Ciência
03/09/2018 às 14:58•4 min de leitura
O dia 2 de setembro de 2018 vai ficar marcado na história do Brasil como a data em que o Museu Nacional do Rio de Janeiro foi completamente destruído por um incêndio de grandes proporções. As chamas destruíram praticamente tudo dos nada menos que 20 milhões de itens armazenados no museu, dos quais mais de 3 mil estavam expostos para o público.
Fundado em 1818, o Museu Real ainda não ficava no local onde esteve até seu fim e na maior parte de sua existência
O Museu Nacional era a instituição científica mais antiga do Brasil, tendo completado 200 anos há pouco, em 2018 mesmo.
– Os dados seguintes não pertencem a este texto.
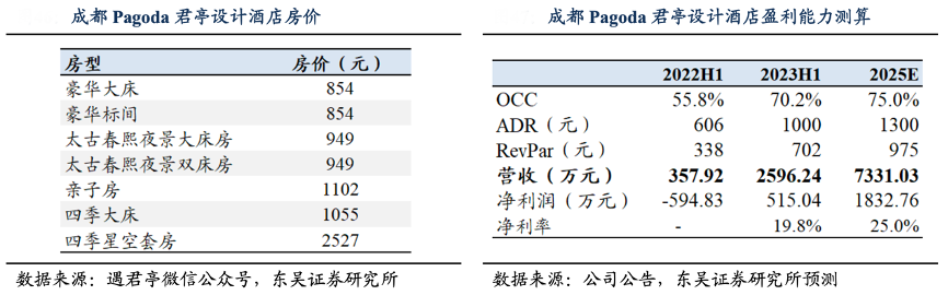 經(jīng)典案例:根據(jù)遇君亭微信公眾號(hào)、公司公告、東吳證券研究所等綜合資訊表明,成都 Pagoda 開業(yè)以來獨(dú)特的設(shè)計(jì)風(fēng)格吸引大量顧客打卡,小紅書上成都 Pagoda 酒店 tag 熱度達(dá) 17 萬次瀏覽。2023 年 H1,成都 Pagoda 實(shí) 現(xiàn)營業(yè)收入 2596.24 萬元,RevPAR 為 702 元,同比+108%。

Inicialmente chamado de Museu Real, foi fundado pelo rei Dom João VI em 1818 e tinha aquele jeitão clássico dos primeiros museus de Ciências Naturais, reunindo de tudo um pouco. Nele era possível encontrar materiais de botânica, zoologia, animais empalhados, coleções de moedas, artefatos históricos e obras de arte das mais diversas.
Porém, o Museu Real ainda não ficava no local onde esteve até seu fim e na maior parte de sua existência. Ele esteve instalado no Campo de Santana, Rio de Janeiro, também conhecido hoje como Praça da República e local onde o Marechal Deodoro da Fonseca realizou a Proclamação da República, em 15 de novembro de 1889.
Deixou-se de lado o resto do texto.